Some references I've read:
- MSDN
- Fire and Forget
So my question is - what is the best method?
UPDATE: After the user inputs their data I would like to redirect them to the results page that incrementally updates as the process is running in the background.
To avoid excessive architecture astronomy, I often use a hidden iframe to call the long running process and stream back progress information. Coupled with something like jsProgressBarHandler, you can pretty easily create great out-of-band progress indication for longer tasks where a generic progress animation doesn't cut it.
In your specific situation, you may want to use one LongRunningProcess.aspx call per task, to avoid those page timeouts.
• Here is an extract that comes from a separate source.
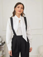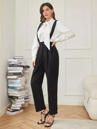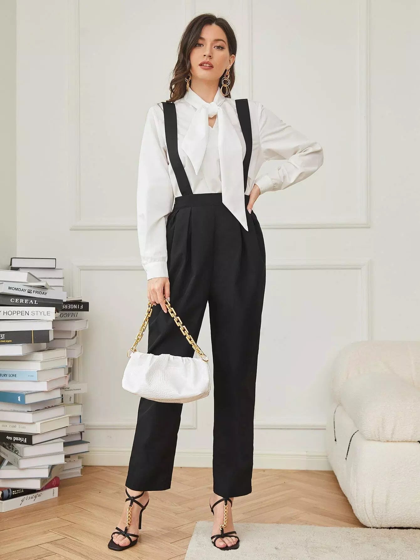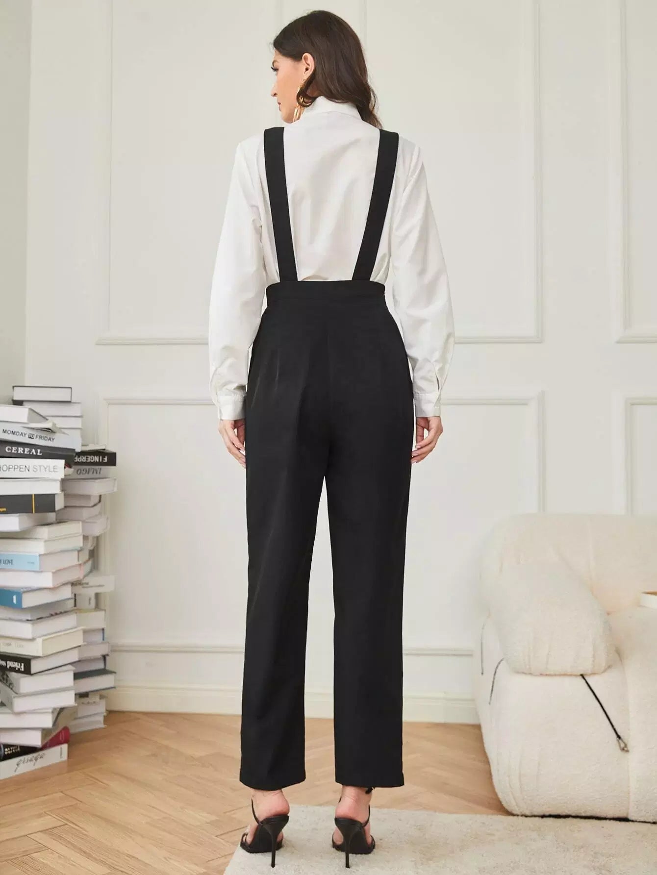 Solid Straps Fold Pleat Cropped Pants Without Top

For example, call LongRunningProcess.aspx?taskID=1 to kick it off and then at the end of that task, emit a
document.location = "LongRunningProcess.aspx?taskID=2".
Ad nauseum.
We had a similar issue and solved it by starting the work via an asychronous web service call (which meant that the user did not have to wait for the work to finish). The web service then started a SQL Job which performed the work and periodically updated a table with the status of the work. We provided a UI which allowed the user to query the table.
I ran into this exact problem at my last job. The best way I found was to fire off an asychronous process, and notify the user when it's done (email or something else). Making them wait that long is going to be problematic because of timeouts and wasted productivity for them. Having them wait for a progress bar can give them false sense of security that they can cancel the process when they close the browser which may not be the case depending on how you set up the system.
How are you querying the remote data?
How often does it change?
Are the results something that could be cached for a period of time?
How long a period of time are we actually talking about here?
The 'best method' is likely to depend in some way on the answers to these questions...
You can create another thread and store a reference to the thread in the session or application state, depending on wether the thread can run only once per website, or once per user session.
You can then redirect the user to a page where he can monitor the threads progress. You can set the page to refresh automatically, or display a refresh button to the user.
Upon completion of the thread, you can send an email to the user.
My solution to this, has been an out of band service that does these and caches them in db.
When the person asks for something the first time, they get a bit of a wait, and then it shows up but if they refresh, its immediate, and then, because its int he db, its now part of the hourly update for the next 24 hours from the last request.
Add the job, with its relevant parameters, to a job queue table. Then, write a windows service that will pick up these jobs and process them, save the results to an appropriate location, and email the requester with a link to the results. It is also a nice touch to give some sort of a UI so the user can check the status of their job(s).
This way is much better than launching a seperate thread or increasing the timeout, especially if your application is larger and needs to scale, as you can simply add multiple servers to process jobs if necessary.